Please advise, really looking for suggestions. I am using Microsoft Azure Data Lake Store and using USQL.

Peter Bons
  • 26,826
  • 4
  • 50
  • 74
Sgupta
  • 23
  • 4
  • Your question is too vague for people to help. Please add more detail, an example of what you are trying to read, the source code you have written. You can edit your question by clicking the edit link. – tom May 03 '18 at 02:57
  • What type of meta data? The EXIF data inside JPEG? The creation date of the files? What are you going to do with it? Use it in a U-SQL script? In an application? – Michael Rys May 03 '18 at 03:04
  • @tom Hi Tom, I need to retrieve Meta data of JPEG, TIFF Images to be used for data Analytics. Can you please help here. – Sgupta May 03 '18 at 04:33
  • @MichaelRys I will be using for data analytics. Can you please let me know how to retrieve meta data. I really need help. – Sgupta May 03 '18 at 05:22

1 Answers1

1

At the moment that is not supported. It seems to be on the backlog according to the feedback site

You might be able to write a custom extractor as suggested in the link:

In case it is available, like EXIF in JPEG - extract some of the properties from the content using a custom extractor.
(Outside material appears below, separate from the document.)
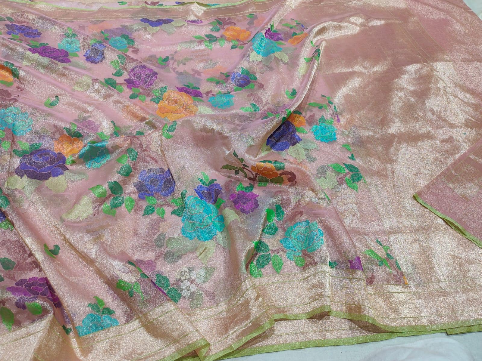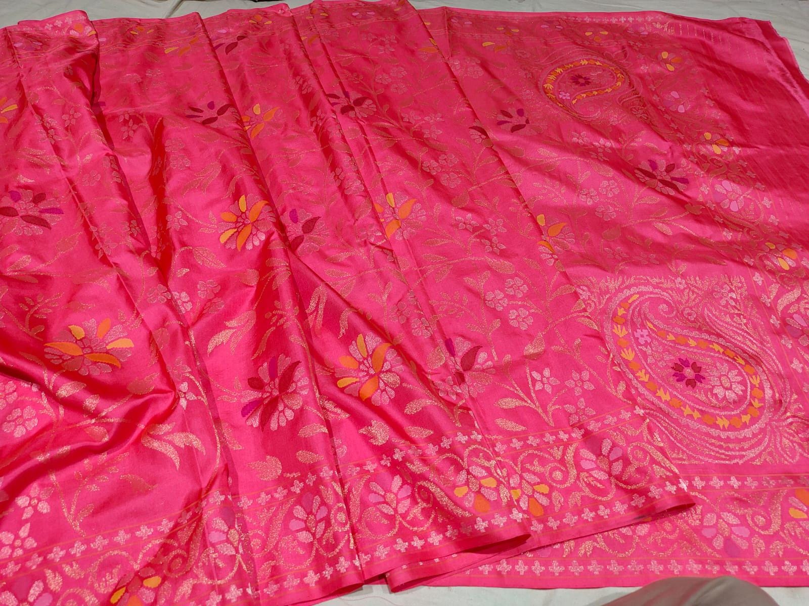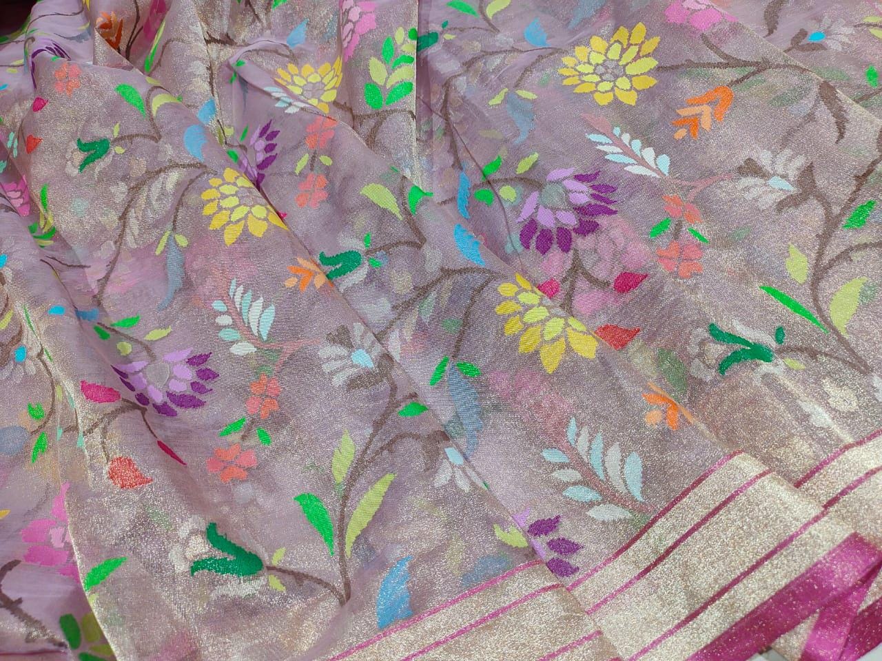 Katan Real gold Zari Saree by handloom weavers of Banaras, silk mark certified.

According to this blogpost they have done it for image property extraction, see the repo. It can be a guide on how to implement this for your scenario's. Here is an example query

@image_features =
    EXTRACT copyright string, 
            equipment_make string,
            equipment_model string,
            description string,
            thumbnail byte[], 
            name string, format string
    FROM @"/Samples/Data/Images/{name}.{format}"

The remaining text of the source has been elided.